Protel supports typed procedure pointers with an explicit type classifier - PROCVAR. I suspect that this type classifier exists to improve code readability rather than for any syntactic necessity as PTR to PROC can be used similarly. PROCVARs are used heavily in SOS code to allow applications to override behaviours and extend OS behaviour. SOS has unique terms for the use of procedure pointers :
  • GATE
    SOS name for a Procedure Variable that is expected to be set by some other module. It is a 'gate' to some other implementation. Usually gates are defined in lower-level modules.
  • TARGET
    SOS name for a procedure implementation referenced from a GATE. This is the 'target' of a call to a 'gate'. Usually targets are defined in higher-level modules
  • ASPECT
    SOS name for a structure containing a number of procedure variables. This can be thought of as an 'interface' in the Java sense - a set of method signatures. Often a lower-level module would provide an API for a higher-level API to add some functionality including some data and perhaps an 'aspect' of procedure variables.

As well as supporting standard composite structures similar to a C struct, Protel supports the concept of an Area which can be used to implement a form of type-inheritance. An AREA is similar to a struct, but contains as part of its definition a storage size in bits, as well as zero or more members.
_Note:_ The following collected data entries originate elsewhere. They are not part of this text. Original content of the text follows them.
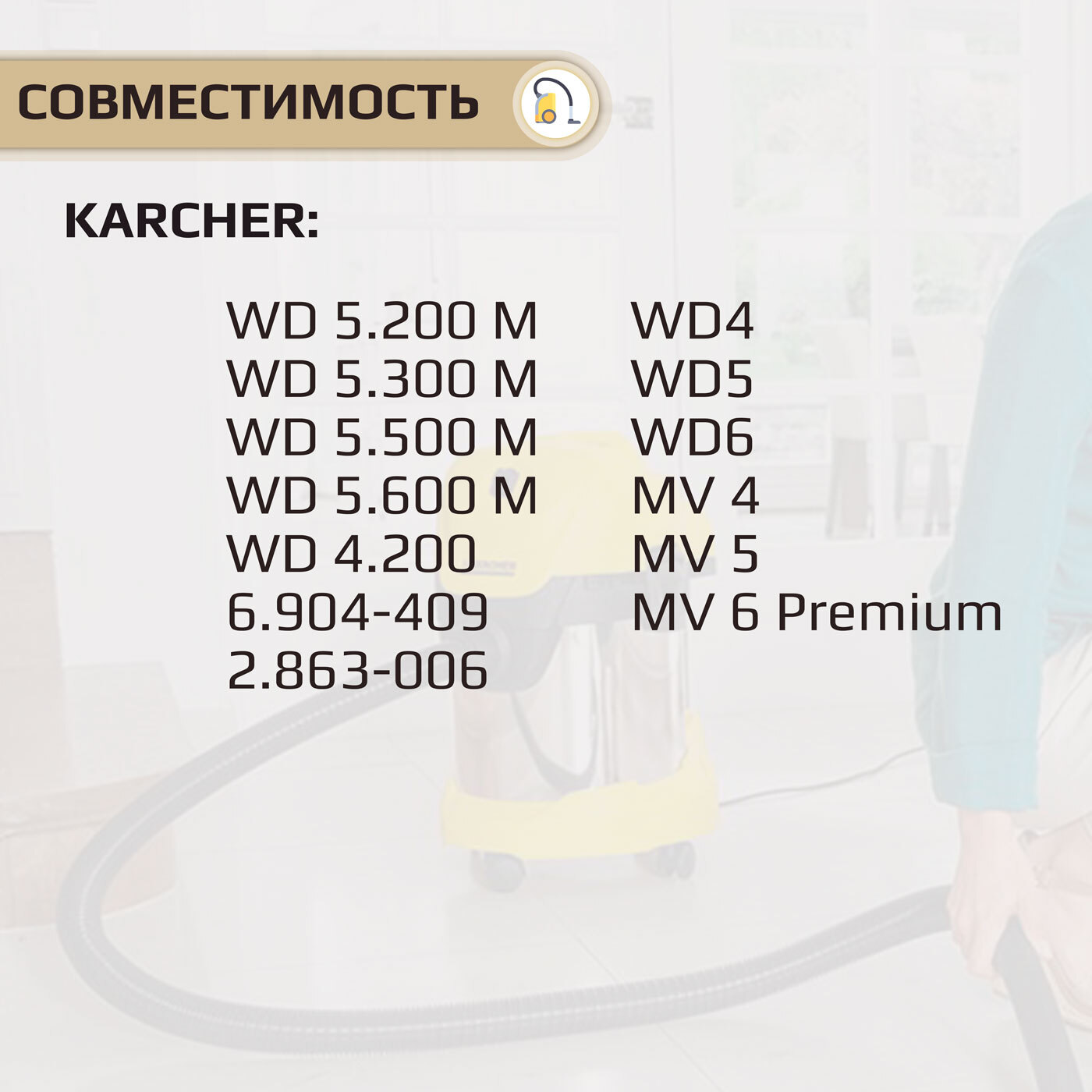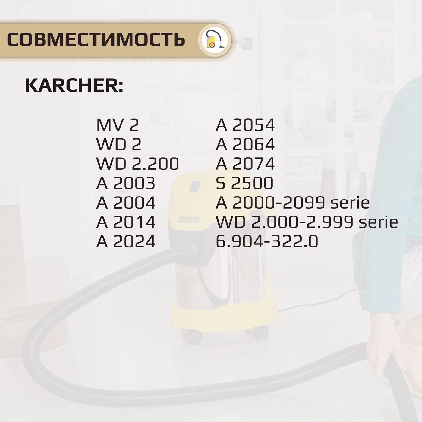Мешок - пылесборник многоразовый для пылесоса KARCHER WD2, MV2, WD2.200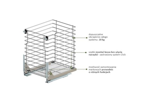 - system mocowania kosza wpinany na click bez użycia narzędzi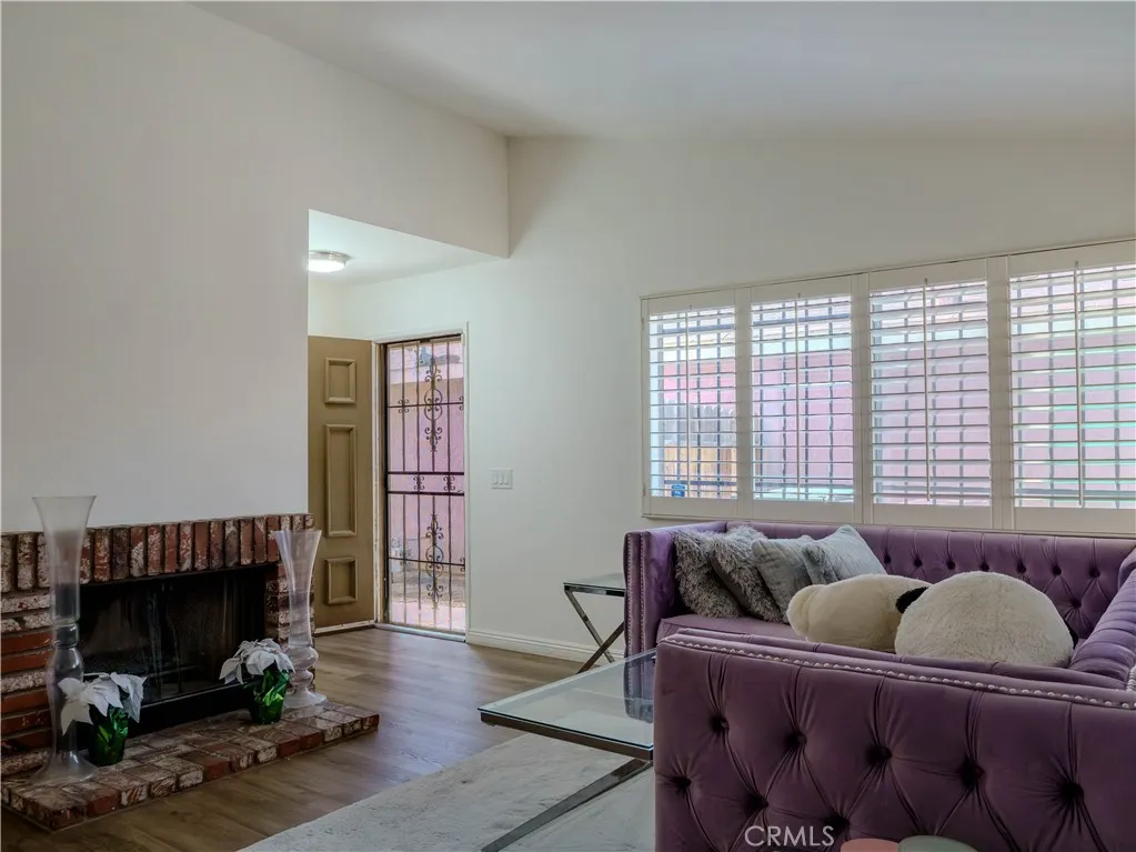 Charming single-story 2 bedroom, 2 bathroom home offering a bright and functional layout. The inviting living room features vaulted ceilings, a cozy fireplace, and plantation shutters that allow for abundant natural light. The kitchen includes stainless steel appliances, modern backsplash, and ample cabinetry, opening to the dining area and breakfast nook. Both bedrooms are spacious, including a primary suite with its own private bathroom and access to the backyard. Enjoy outdoor living under the covered patio and a generous backyard with room to relax, entertain, or customize. The front yard features low-maintenance artificial turf and drought-tolerant landscaping for great curb appeal and water savings. An oversized storage shed provides additional storage space. Ideal for first-time buyers, downsizers, or investors.

At compile time, it is checked that the declared member's types fit within the size given, and instances will be created with the size given. Other modules can declare further areas which REFINE this area, and add definitions to the original AREA. The compiler will check that the complete set of member definitions continue to fit in the bit size of the original AREA. This mechanism can be used to create trees of hierarchically related data types which is very useful for code modularity and extensibility as well as more basic optionality similar to a C union. Putting procedure pointers into the Area gives a rather rough extensible virtual-method mechanism in-language. However, most DMS software designers used AREA refinements for hierarchically varying data rather than allowing control flow overrides.

Protel offers some reflection capability via the TYPEDESC operator. It is applied to a type and returns a structure which can be used to determine type names, bit offsets etc. SOS supports an online extensible data dictionary which uses TYPEDESC to track types and their relationships. It is version aware and is used by Table Control and for data reformatting between software releases.

Combining PROCVARs and REFINEd AREAs allowed extensible systems to be built fairly easily without OO techniques built into the language. However, the explicit nature of the PROCVARs, the requirement to define up-front bitsizes for refinable areas and the general micromanagement required to define, initialise and use 'object' hierarchies made from these components discouraged most designers from using them in this way. Providing tools at this atomic level encouraged each designer to try their own combination of hard coding, ProcVars, extensible areas, pointers-to-extension-structs, pointers-to-data-structs-with-procvars etc. More manual visualisation effort was required to grasp these mechanisms than would be required for an equivalent language with OO extensions.

I think PROTEL was fairly state-of-the-art when it was introduced for DMS software. Especially considering its planned use for telecoms switching equipment, it is a very general purpose language, not visibly oriented towards telecoms. It has a fairly clean split between language features and runtime libraries. Perhaps if it had been more widely known of beyond the confines of Nortel/BNR then it could have enjoyed some life of its own? I believe it is still being actively used - these days SOS images run in virtualised environments with code written by outsourced employees paid by a broken company, but I imagine there must still be patches getting written. However the outlook looks bleak. With Nortel on the rocks and apparently no interesting information about Protel available on the web (except this blog of course :) ), it looks like it could vanish after 30 years.

In the mid to late nineties, Nortel added object orientation to Protel, I'll talk briefly about that in a future post.